- _EXERCISE_: Every line from the start of the data through the line containing "Süreçle ilgili bilgi" should be retyped exactly; the pictures should not.

::: RECORD EXTRACTS :::

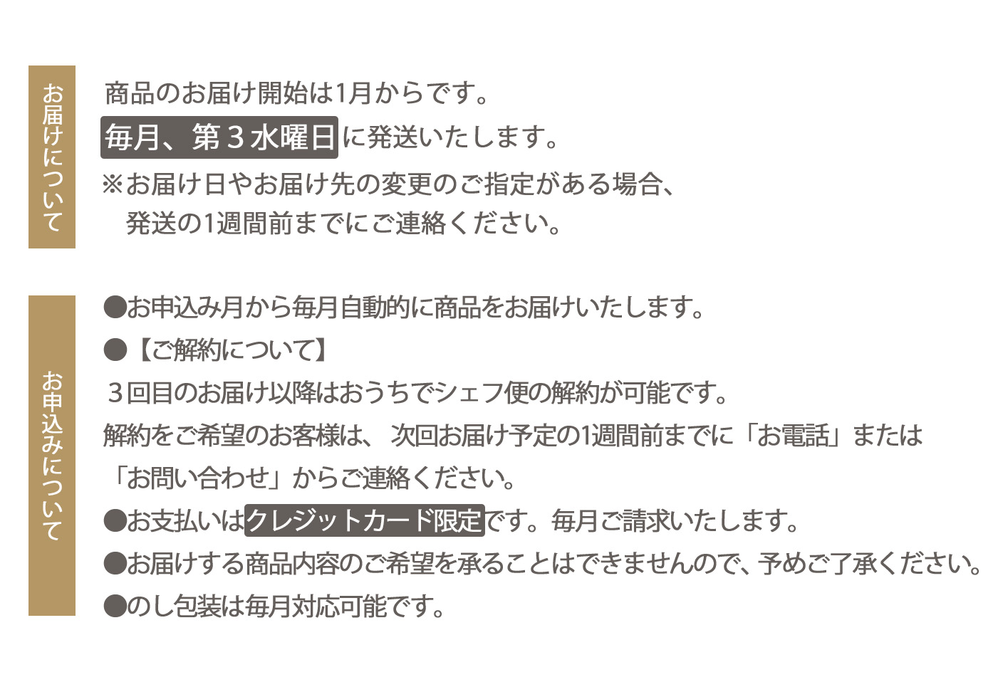商品のお届け開始は1月から、毎月第3水曜日に発送いたします。
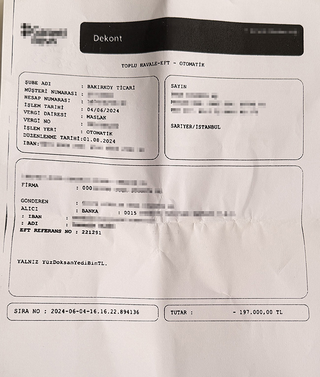 Süreçle ilgili bilgi almak istediğinde avukatın kendisini çeşitli gerekçelerle oyaladığını ileri süren Polat, ilgili sigorta şirketi nezdinde yaptığı araştırmada, 4 Haziran 2024 tarihinde 197 bin TL'nin avukatın hesabına yatırıldığını öğrendiğini söyledi. Sigorta şirketinden dekont örneğini de temin ettiğini belirten Polat, belgenin dosyaya alındığını kaydetti.
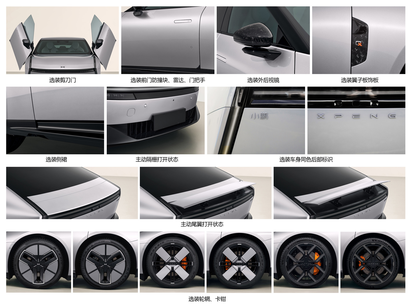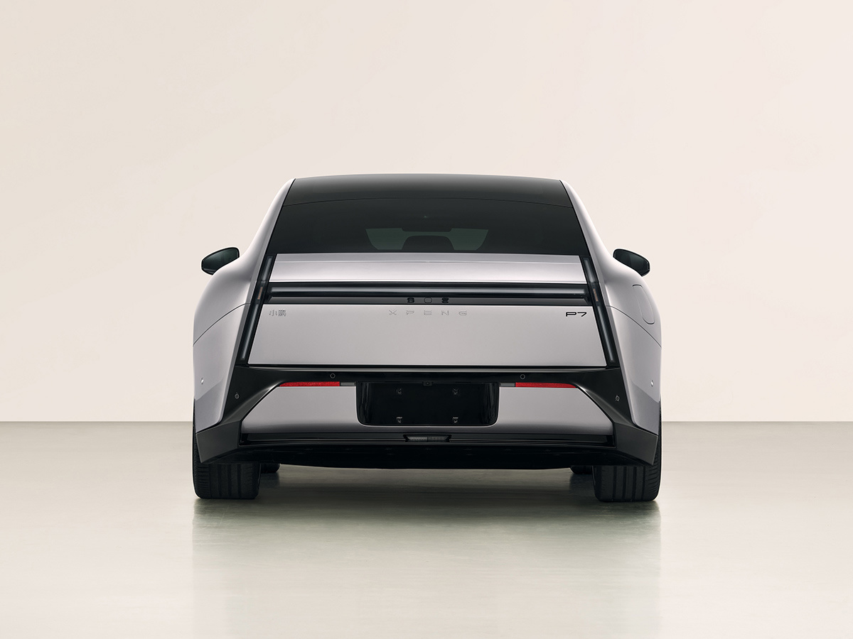 车尾部分,全新小鹏 P7 的尾部设计简洁凌厉,从选装配件上看新车可选多款轮辋、卡钳、剪刀门、主动尾翼。
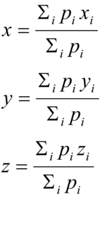 Dato un sistema di n punti materiali, rispettivamente di pesi p₁, p₂, ... pn, dalla legge di composizione delle forze si deducono, per le coordinate x, y, z del baricentro, le seguenti espressioni
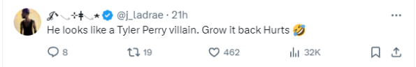 “He looks like a Tyler Perry villain. Grow it back Hurts”
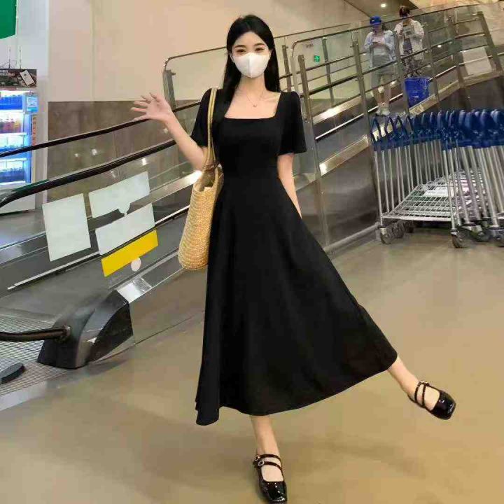 新款法式收腰气质方领高级感赫本风长裙子,单款单色,品质好,有独立包装,...
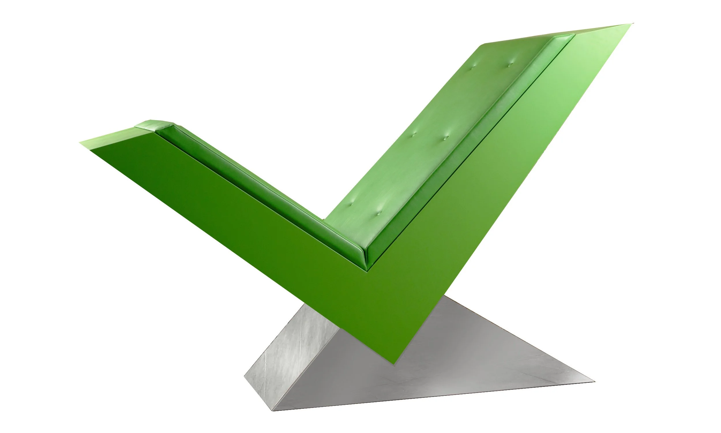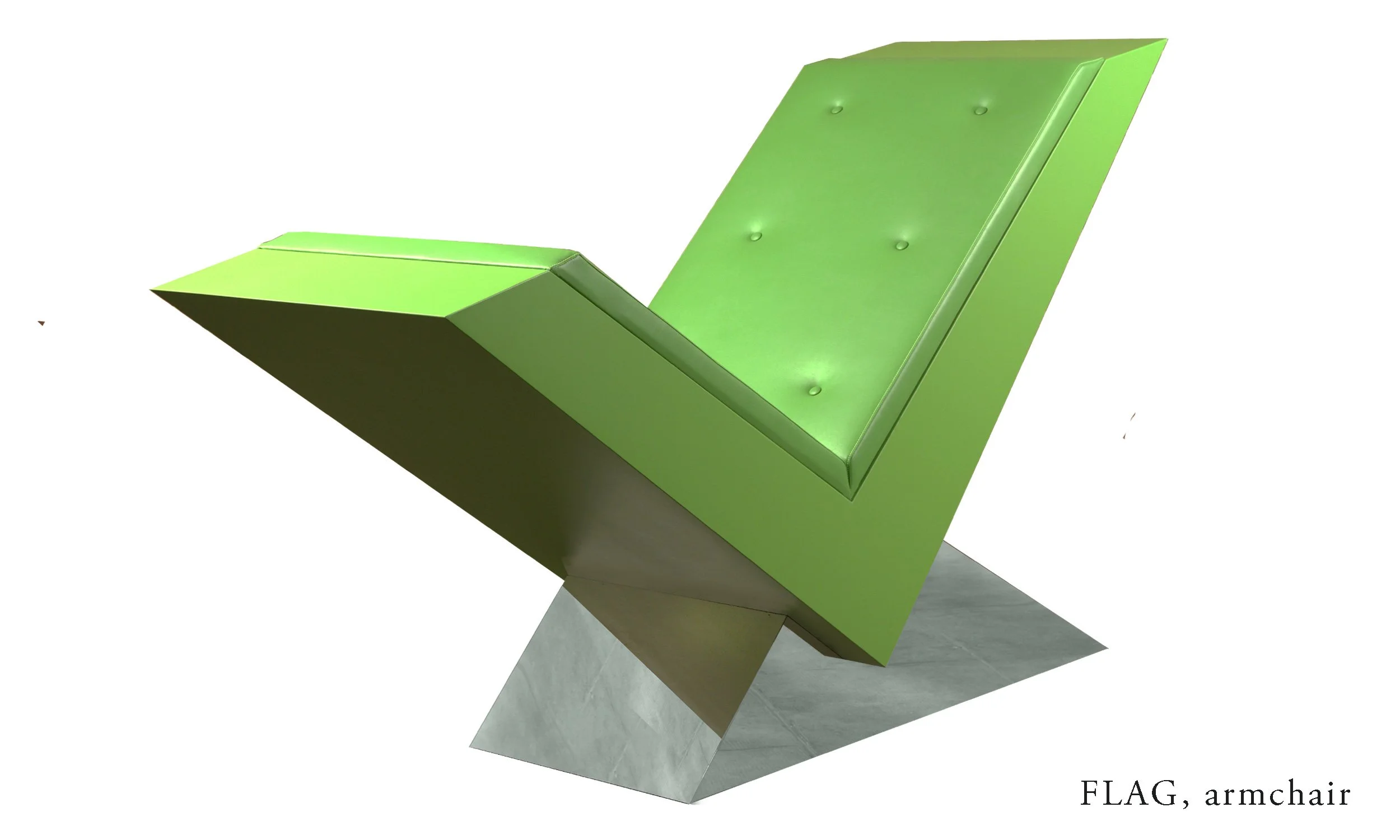 The determined design, the daring geometry, and the vibrant green stimulate dialogue between identity and contemporary living. Every line is carefully studied to offer comfort and inspiration, inviting the sitter to experience their environment as a creative, personal, and unique space.
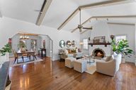 Grand fireplaceVibrant bougainvilleaSerene gated front courtyardOriginal hardwood floorsLush landscapingOpen shelvingBeautiful center island
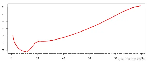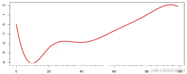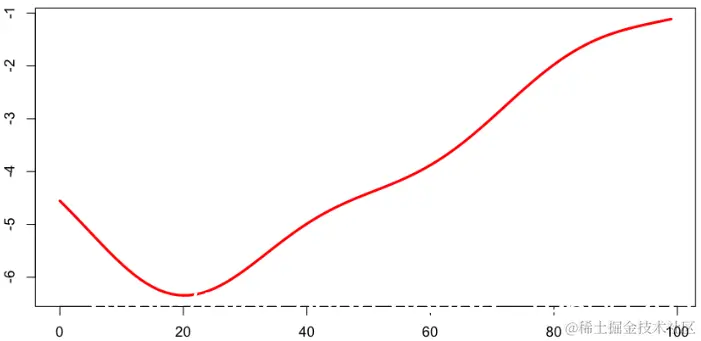 plot(seq(0,99),Vectorize(predAx)(seq(0,99)),col="red",lwd=3,type="l")
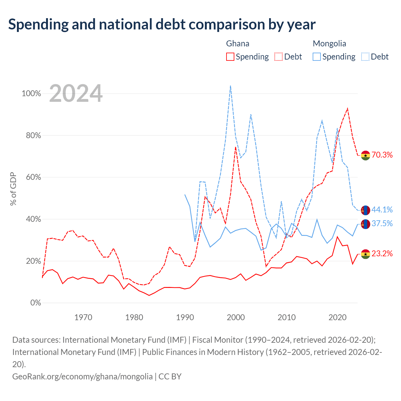Ghana has $57.9B in government debt (70.3% of GDP), compared to $10.5B (44.1% of GDP) in Mongolia.
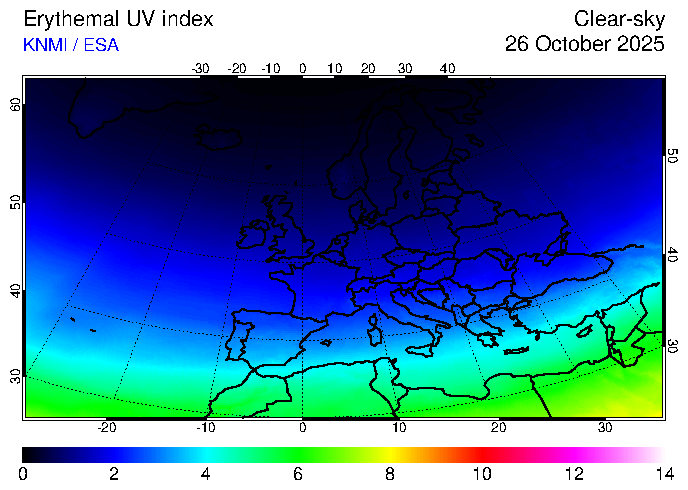 Erythemal UV index of 26 October 2025
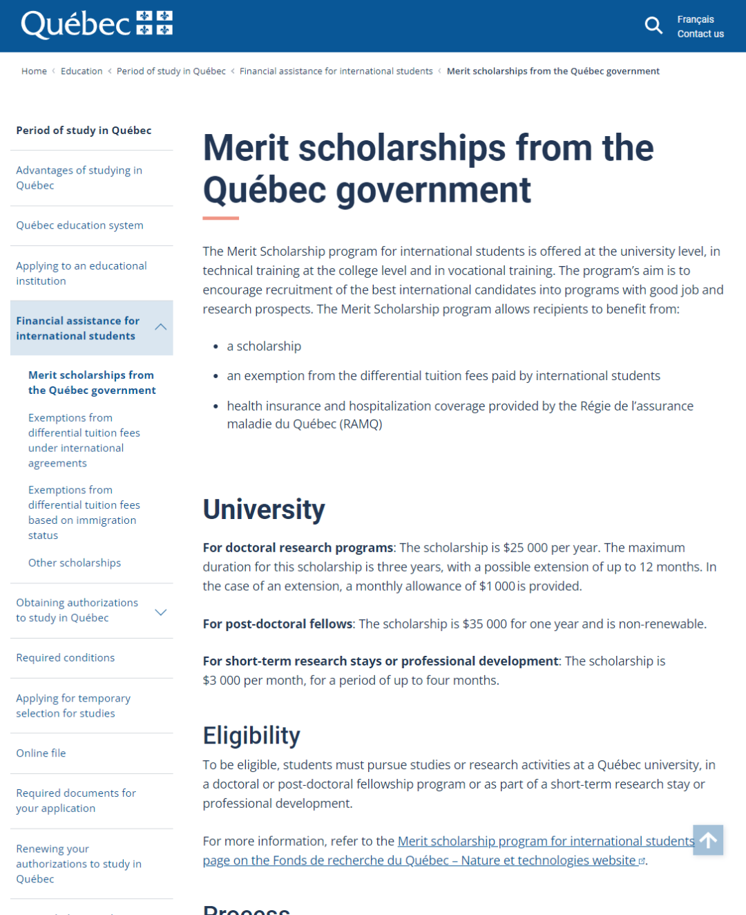 申请该类奖学金的学生必须在魁北克省的大学进行学习或研究活动。一般在学校官网就可以申请。

:::

- _FINISHED EXERCISE_:
商品のお届け開始は1月から、毎月第3水曜日に発送いたします。
 Süreçle ilgili bilgi almak istediğinde avukatın kendisini çeşitli gerekçelerle oyaladığını ileri süren Polat, ilgili sigorta şirketi nezdinde yaptığı araştırmada, 4 Haziran 2024 tarihinde 197 bin TL'nin avukatın hesabına yatırıldığını öğrendiğini söyledi. Sigorta şirketinden dekont örneğini de temin ettiğini belirten Polat, belgenin dosyaya alındığını kaydetti.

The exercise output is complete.